SOURCE INFORMATION:
::::::::

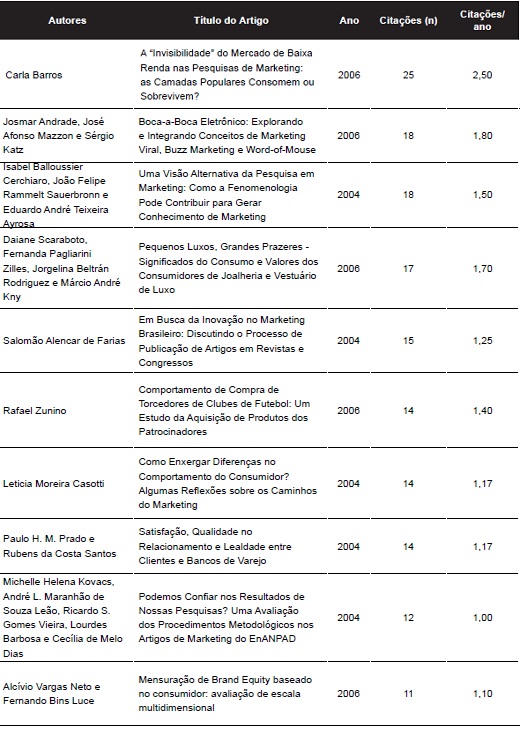 O trabalho mais citado (n=25 citações; 2,5 citações/ano) foi o artigo desenvolvido por Carla Barros intitulado “A invisibilidade do mercado de baixa renda nas pesquisas de marketing: as camadas populares consomem ou sobrevivem?”, que foi apresentado no EMA-2006. A Tabela 7 apresenta os trabalhos mais citados.
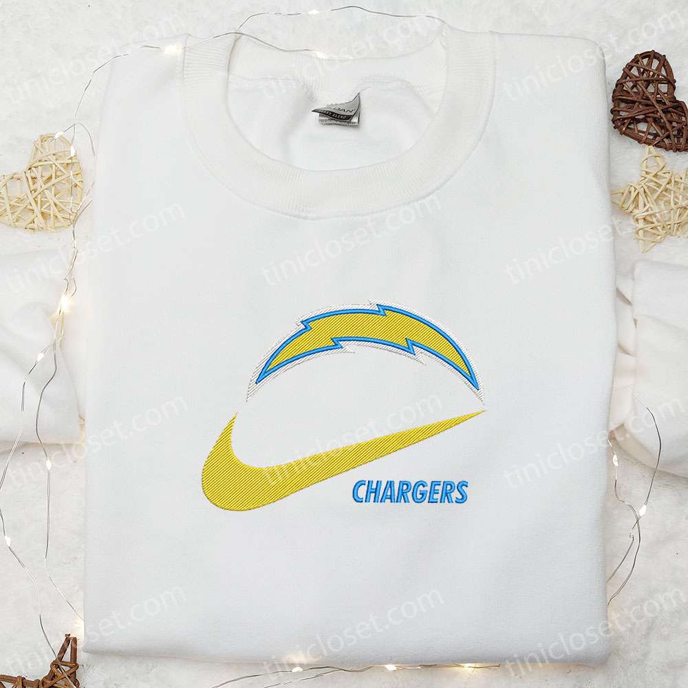 Los Angeles Chargers X Nike Swoosh Embroidered Shirt, Nfl Sports Embroidered Shirt, Nike Inspired Embroidered Hoodie
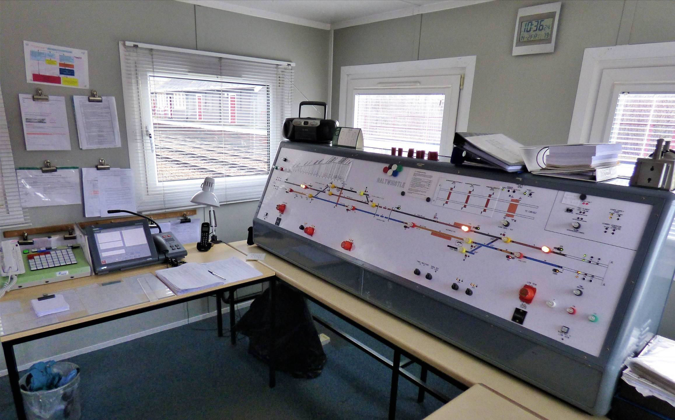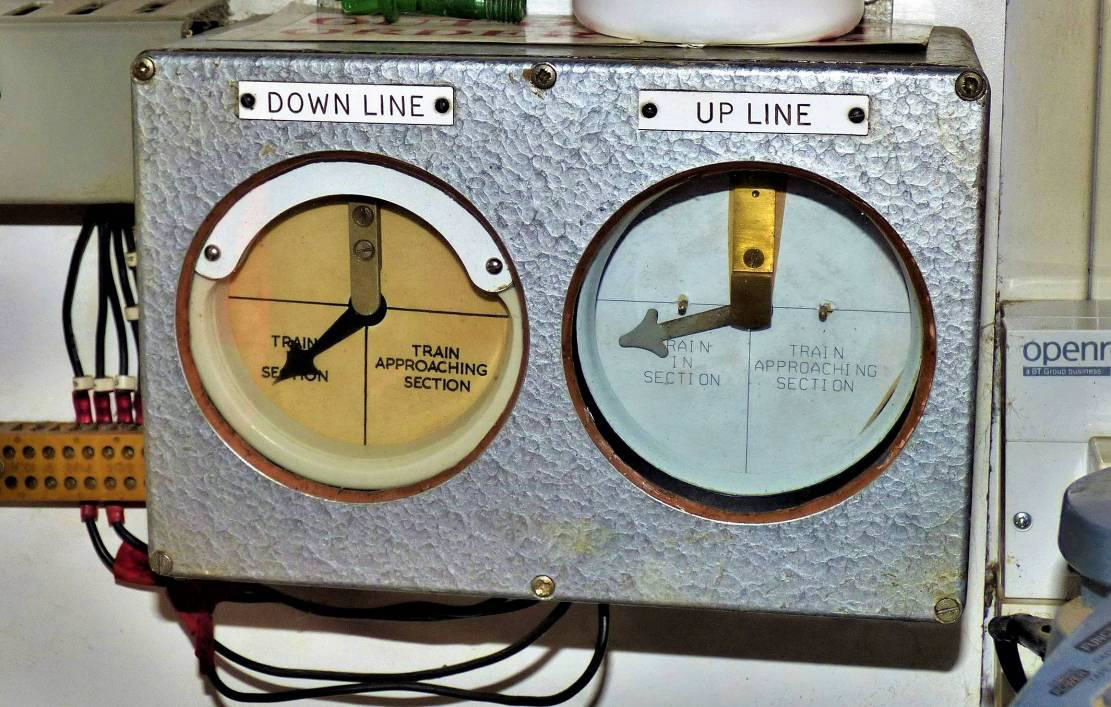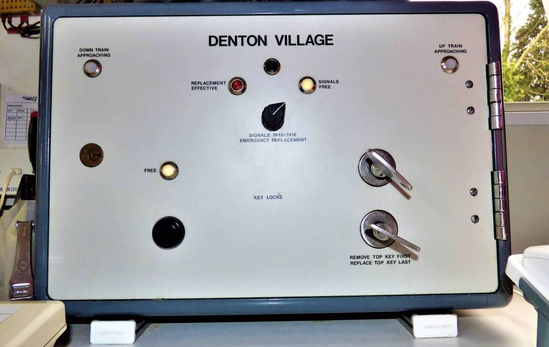 Traditional standard Absolute Block 'Train in Section/Train Approaching Section' indicators are fixed to an inside wall of the cabin. A TRUST (Train Running System on TOPS - British Rail's Total Operations Processing System) screen is on the crossing keeper's desk and a modern key lock instrument is provided with 'Train Approaching' lights. It is suspected, but unconfirmed, that the last are lit when the Absolute Block indicators show either 'Train Approaching Section' or 'Train in Section'; it is possible also that they are operated independently by treadles or track circuits. The key lock instrument also has an emergency replacement switch which turns signals LR7413 and LR7416 to red if it is operated.
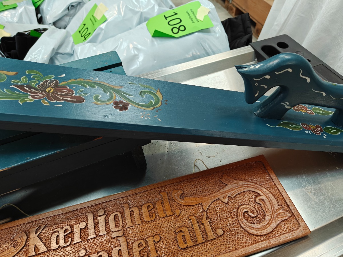 Forskellige træarbejder. Manglebræt, lille skammel, Skilt med udskåret tekst og blæsebælg.
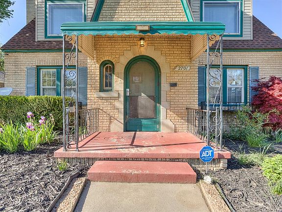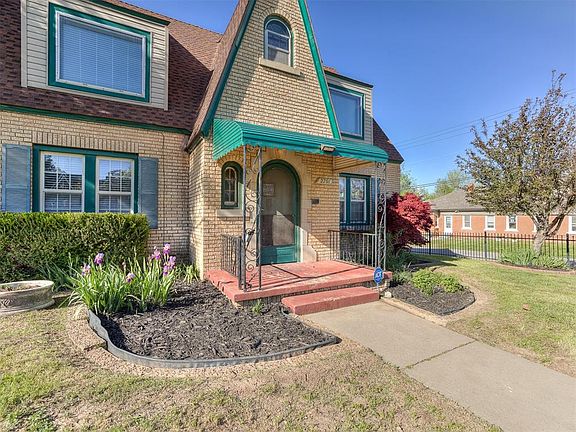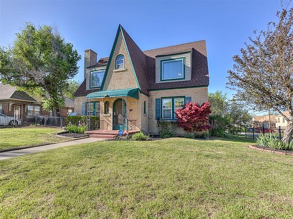 Professional photos coming soon... Location, location, location! This historic tudor is packed with potential. Located in the heart of OKC and just minutes from the Plaza District, Midtown, Downtown, OKC Energy and Thunder games. Beautiful original oak hardwood floors, timeless stained tread plates, original Frankoma tile fireplace and all the historic charm. The fireplace and staircase serve as great focal points in a spacious living area. Head through the french doors and find a large traditional dining, perfect for entertaining guests. There is an adorable breakfast nook with an original built-in right off the kitchen. On the other side of the kitchen you have access to the living area, basement and powder bath for guests. Upstairs you have 2 very large bedrooms and primary bath. Closets are good size. In the bedrooms you have fun nooks and drawers that add storage and to the historic appeal. Windows have been updated to vinyl and allow tons of natural light to flood the entire house. Sewer line and other drains have been replaced to the house and garage apartment in 2022. The roof was replaced in 2017. HVAC replaced a year ago. The garage apartment is above the 2 car garage and has a full bath and kitchenette. The garage apartment square footage is included in the total square footage. Other pros include a carport, 2 car drive, shed, and located right on the Crestwood median. Bring all your ideas, favorite finishes and make this one your own!
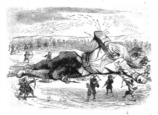 In this image we see Gulliver who has freed his left arm from the Lilliputian’s ties, attempting to stop the arrows of the Lilliputians. He is surrounded on all sides by the Lilliputians who are firing arrows at him. We see the shower of arrows in the air going towards Gulliver’s arm which is defending his face. Gulliver’s right hand and legs remain tied up. Gulliver’s hat lies behind his head, with a Lilliputian hiding behind it. The same image appears in the 1839 Krabbe edition.
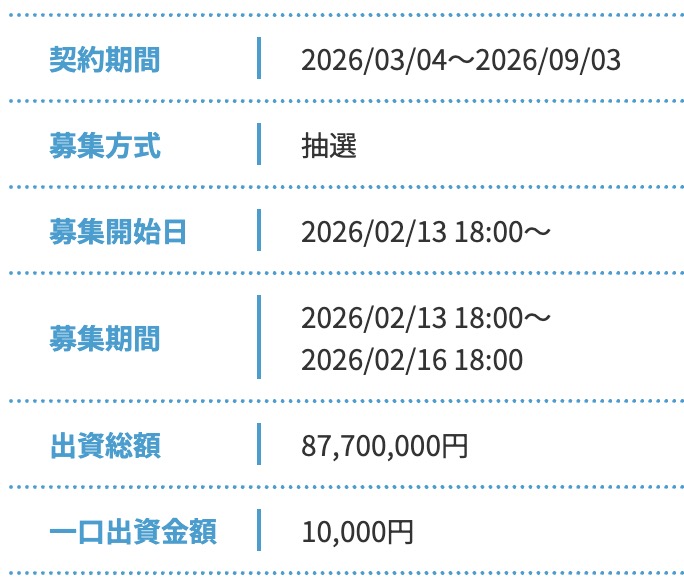 あ、直近の募集ファンド(2026年2月23日募集開始)も、抽選で運用期間6ヶ月、1口出資金額10,000円なのでご安心を。
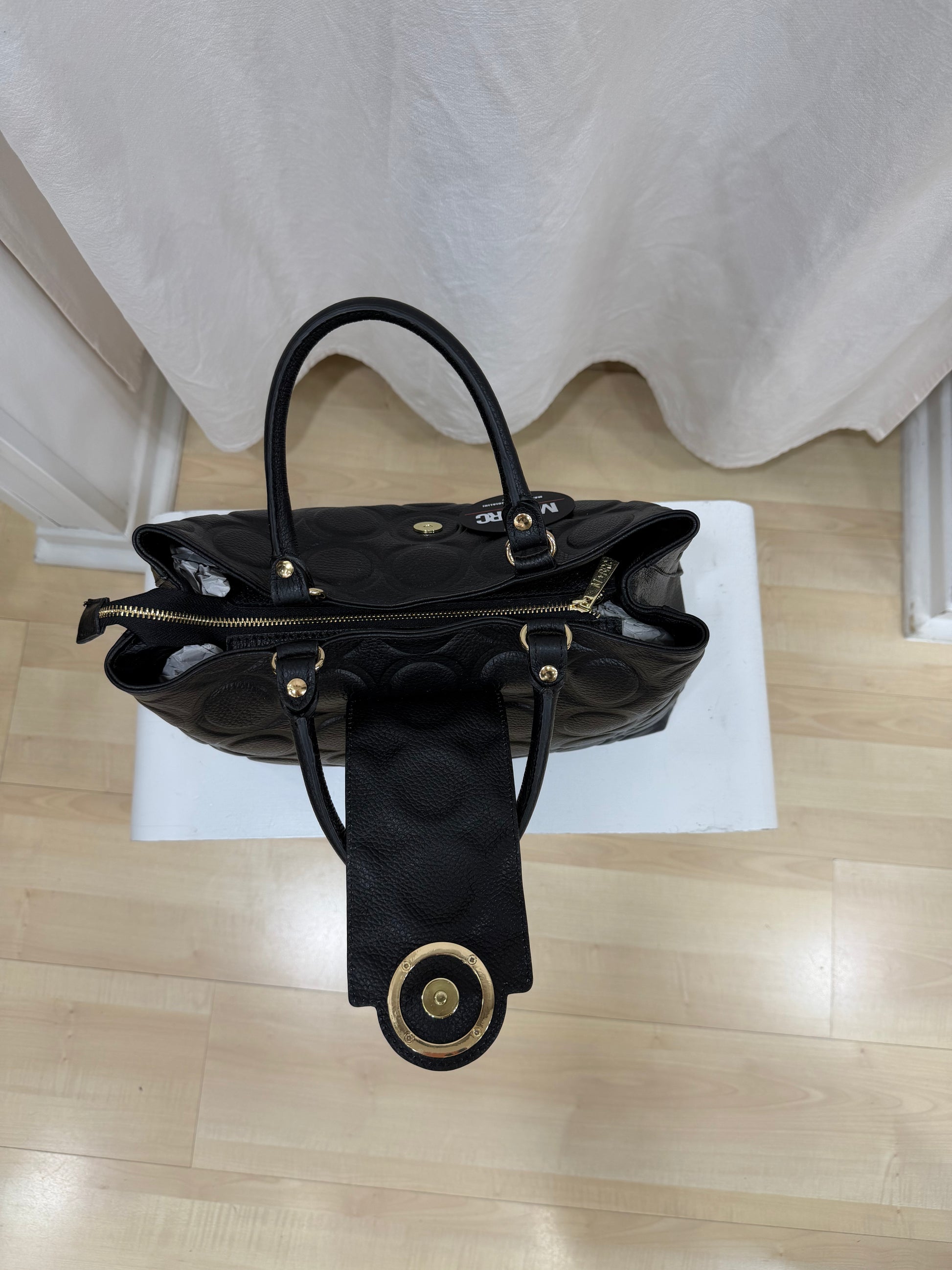 Borsa in pelle nera firmata Massimo Braccialini, realizzata con materiali di qualità superiore. Il design elegante e versatile si adatta perfettamente a qualsiasi occasione, dal lavoro agli eventi serali. La struttura ben definita offre ampio spazio interno con scomparti organizzati, mentre le finiture raffinate garantiscono durabilità nel tempo. Un accessorio essenziale che combina funzionalità e stile senza compromessi.
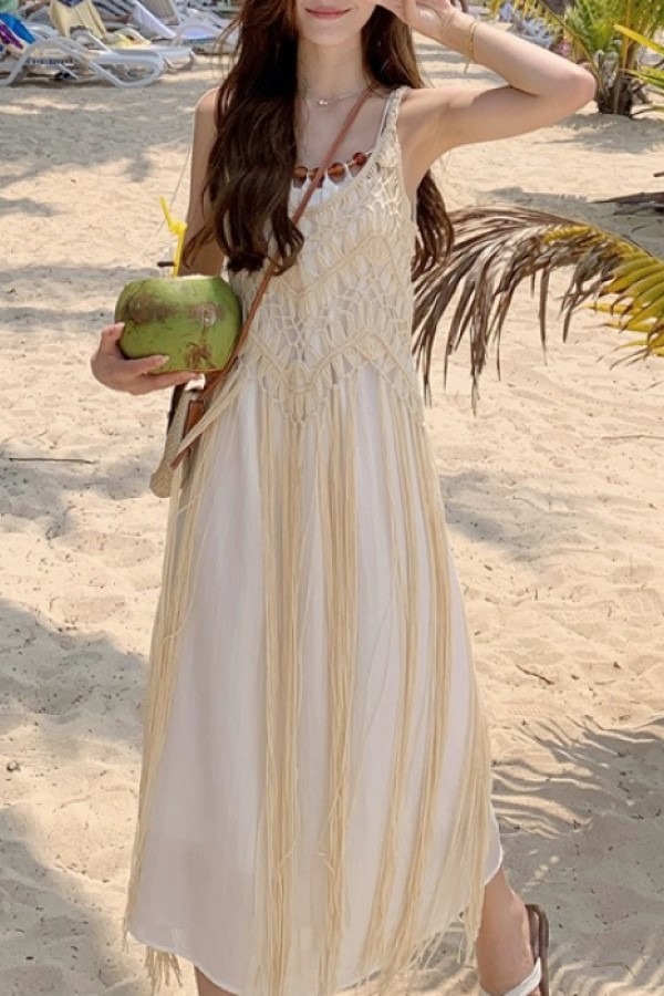 set 휴가룩 화이트 나시 롱원피스 레이어드 뜨개질 원피스 투피스세트

::::::::

TASK:
Transcribe only these lines, exactly: the first line of the listing, every line after it, and the line with "Los Angeles Chargers", where the copy ends. Include no picture.

YOUR SOLUTION:
 O trabalho mais citado (n=25 citações; 2,5 citações/ano) foi o artigo desenvolvido por Carla Barros intitulado “A invisibilidade do mercado de baixa renda nas pesquisas de marketing: as camadas populares consomem ou sobrevivem?”, que foi apresentado no EMA-2006. A Tabela 7 apresenta os trabalhos mais citados.
 Los Angeles Chargers X Nike Swoosh Embroidered Shirt, Nfl Sports Embroidered Shirt, Nike Inspired Embroidered Hoodie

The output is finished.